═════ Records to process ═════
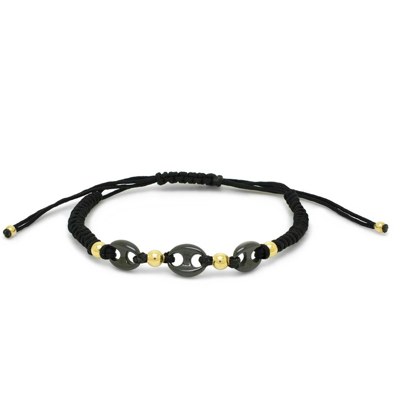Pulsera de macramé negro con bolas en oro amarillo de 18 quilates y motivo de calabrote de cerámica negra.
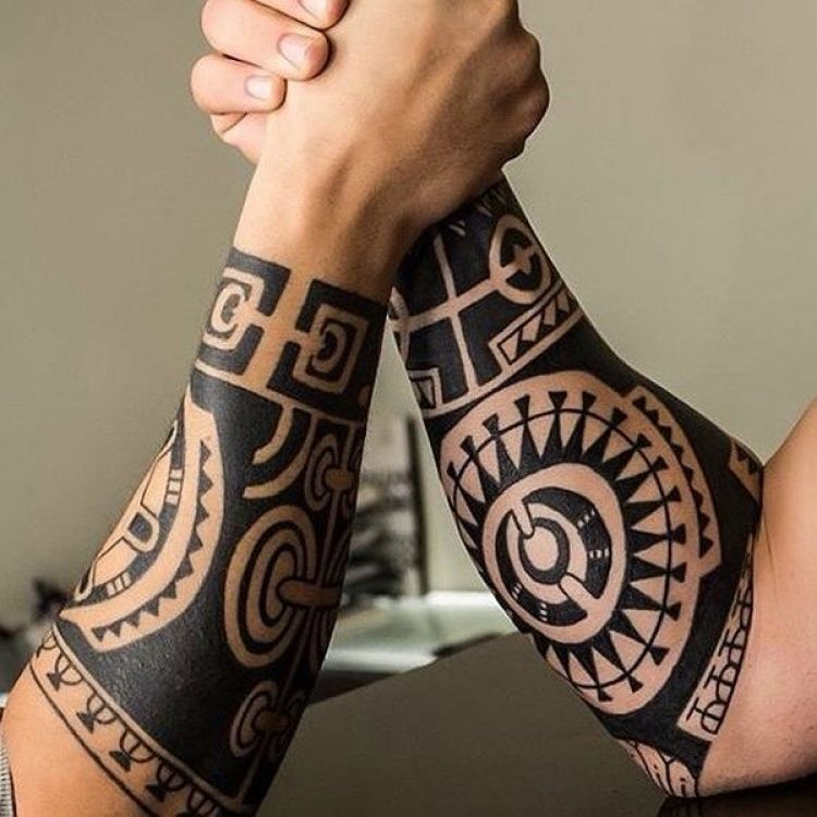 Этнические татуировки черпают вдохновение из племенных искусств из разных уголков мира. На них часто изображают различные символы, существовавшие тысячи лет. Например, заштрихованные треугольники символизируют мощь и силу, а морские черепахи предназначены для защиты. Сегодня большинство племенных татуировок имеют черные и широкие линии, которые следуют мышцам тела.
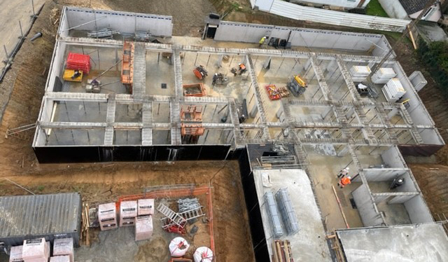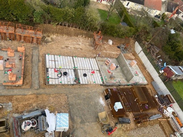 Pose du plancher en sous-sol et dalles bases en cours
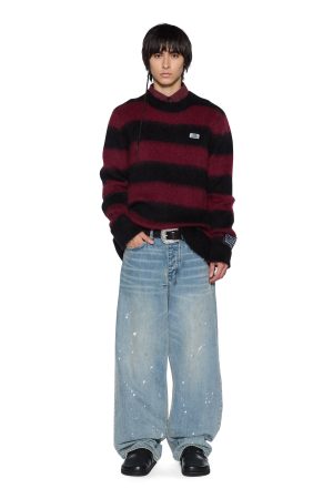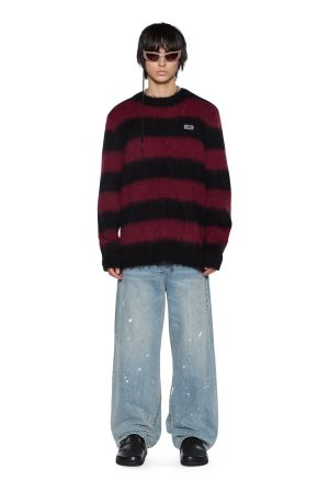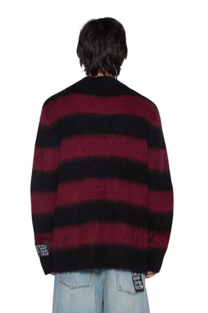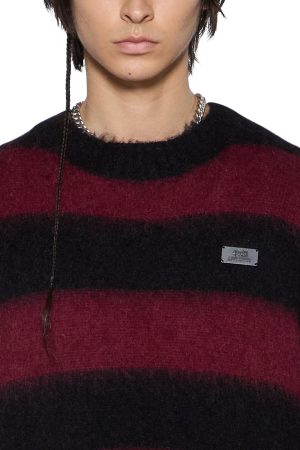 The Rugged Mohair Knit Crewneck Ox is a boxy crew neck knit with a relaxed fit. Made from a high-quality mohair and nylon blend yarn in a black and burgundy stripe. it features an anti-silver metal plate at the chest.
═════
═════ Records to process ═════
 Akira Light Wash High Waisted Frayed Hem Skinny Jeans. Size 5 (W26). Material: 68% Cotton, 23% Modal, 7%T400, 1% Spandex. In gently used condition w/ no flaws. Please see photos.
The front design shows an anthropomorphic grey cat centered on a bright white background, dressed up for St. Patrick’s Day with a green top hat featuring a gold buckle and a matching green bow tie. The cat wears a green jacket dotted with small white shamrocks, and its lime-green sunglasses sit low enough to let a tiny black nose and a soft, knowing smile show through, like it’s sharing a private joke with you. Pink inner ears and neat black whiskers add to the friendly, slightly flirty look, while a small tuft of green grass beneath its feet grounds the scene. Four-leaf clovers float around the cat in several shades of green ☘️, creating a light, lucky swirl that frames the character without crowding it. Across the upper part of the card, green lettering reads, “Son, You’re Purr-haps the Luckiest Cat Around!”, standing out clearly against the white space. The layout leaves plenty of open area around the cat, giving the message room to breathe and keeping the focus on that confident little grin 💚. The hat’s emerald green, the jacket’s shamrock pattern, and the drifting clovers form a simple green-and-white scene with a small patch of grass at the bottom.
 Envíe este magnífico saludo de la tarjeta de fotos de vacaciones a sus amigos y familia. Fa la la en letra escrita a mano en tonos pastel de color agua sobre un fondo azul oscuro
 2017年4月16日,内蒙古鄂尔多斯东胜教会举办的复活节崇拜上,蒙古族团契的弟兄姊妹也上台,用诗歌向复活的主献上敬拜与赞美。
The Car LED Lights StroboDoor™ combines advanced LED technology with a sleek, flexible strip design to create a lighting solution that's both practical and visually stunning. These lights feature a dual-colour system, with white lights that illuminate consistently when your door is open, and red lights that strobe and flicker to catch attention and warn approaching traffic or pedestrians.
═════
═════ Records to process ═════
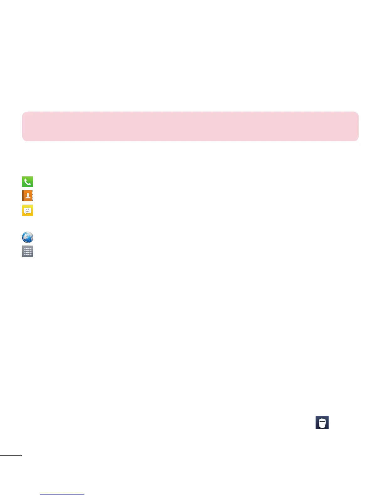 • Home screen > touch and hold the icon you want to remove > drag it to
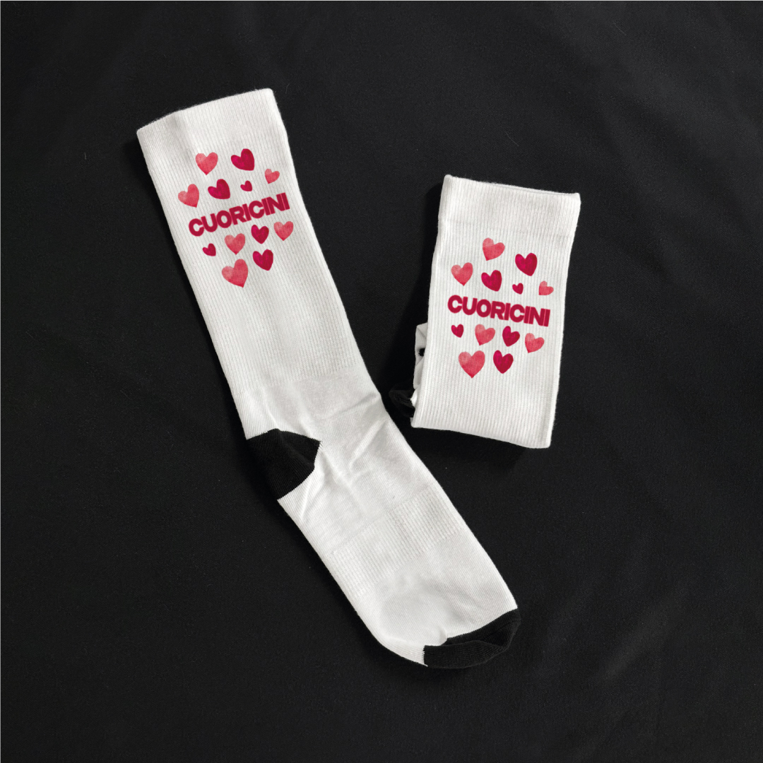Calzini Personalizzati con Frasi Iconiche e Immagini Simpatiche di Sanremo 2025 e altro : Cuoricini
═════
= Activity =
In the listing above, locate the line with "Envíe este magnífico" and the line with "2017年4月16日,内蒙古", then extract exactly those lines and every line between them, and nothing more.

= Solution to this task =
 Envíe este magnífico saludo de la tarjeta de fotos de vacaciones a sus amigos y familia. Fa la la en letra escrita a mano en tonos pastel de color agua sobre un fondo azul oscuro
 2017年4月16日,内蒙古鄂尔多斯东胜教会举办的复活节崇拜上,蒙古族团契的弟兄姊妹也上台,用诗歌向复活的主献上敬拜与赞美。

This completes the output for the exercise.